**ASSIGNMENT:** Could you copy the data that follows exactly as written, but drop the pictures?

**SUPPLIED INFORMATION:**
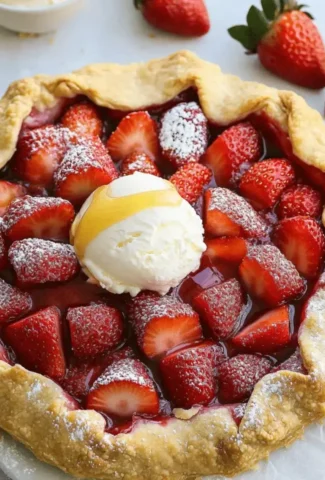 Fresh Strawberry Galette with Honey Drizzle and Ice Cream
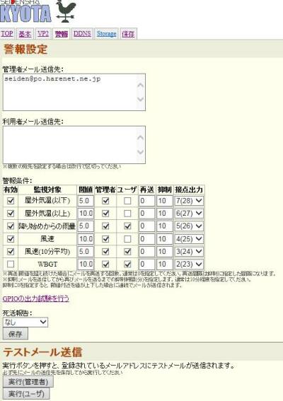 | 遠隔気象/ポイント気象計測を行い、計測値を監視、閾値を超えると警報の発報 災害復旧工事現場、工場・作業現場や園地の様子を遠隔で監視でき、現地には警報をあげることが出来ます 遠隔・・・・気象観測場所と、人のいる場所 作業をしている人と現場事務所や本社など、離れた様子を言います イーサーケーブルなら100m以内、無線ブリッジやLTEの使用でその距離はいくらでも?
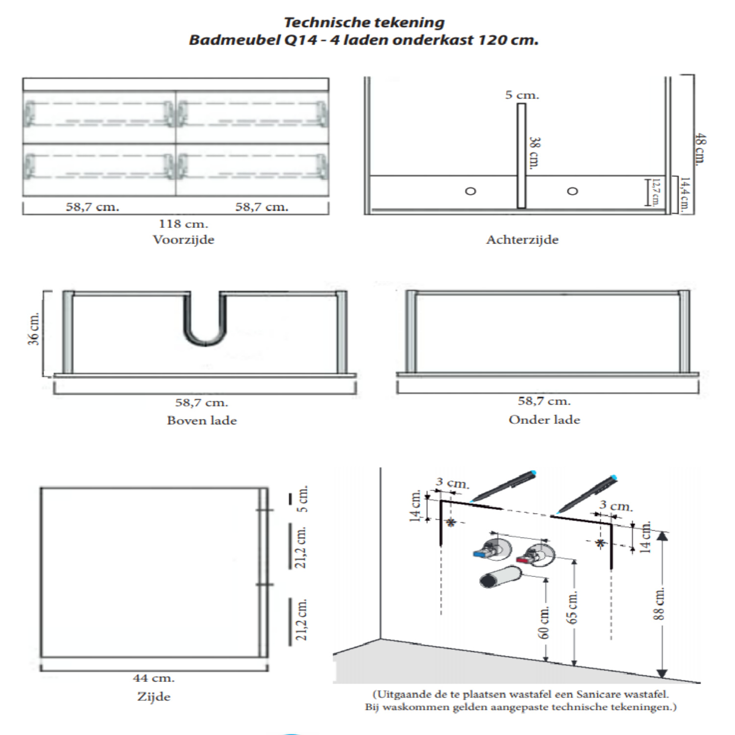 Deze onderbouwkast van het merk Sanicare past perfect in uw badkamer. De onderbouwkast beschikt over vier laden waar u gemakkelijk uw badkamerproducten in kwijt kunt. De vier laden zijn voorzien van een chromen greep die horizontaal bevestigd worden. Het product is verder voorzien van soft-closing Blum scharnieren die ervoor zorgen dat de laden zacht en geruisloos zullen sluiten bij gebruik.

**RESPONSE TO THIS TASK:**
 Fresh Strawberry Galette with Honey Drizzle and Ice Cream
 | 遠隔気象/ポイント気象計測を行い、計測値を監視、閾値を超えると警報の発報 災害復旧工事現場、工場・作業現場や園地の様子を遠隔で監視でき、現地には警報をあげることが出来ます 遠隔・・・・気象観測場所と、人のいる場所 作業をしている人と現場事務所や本社など、離れた様子を言います イーサーケーブルなら100m以内、無線ブリッジやLTEの使用でその距離はいくらでも?
 Deze onderbouwkast van het merk Sanicare past perfect in uw badkamer. De onderbouwkast beschikt over vier laden waar u gemakkelijk uw badkamerproducten in kwijt kunt. De vier laden zijn voorzien van een chromen greep die horizontaal bevestigd worden. Het product is verder voorzien van soft-closing Blum scharnieren die ervoor zorgen dat de laden zacht en geruisloos zullen sluiten bij gebruik.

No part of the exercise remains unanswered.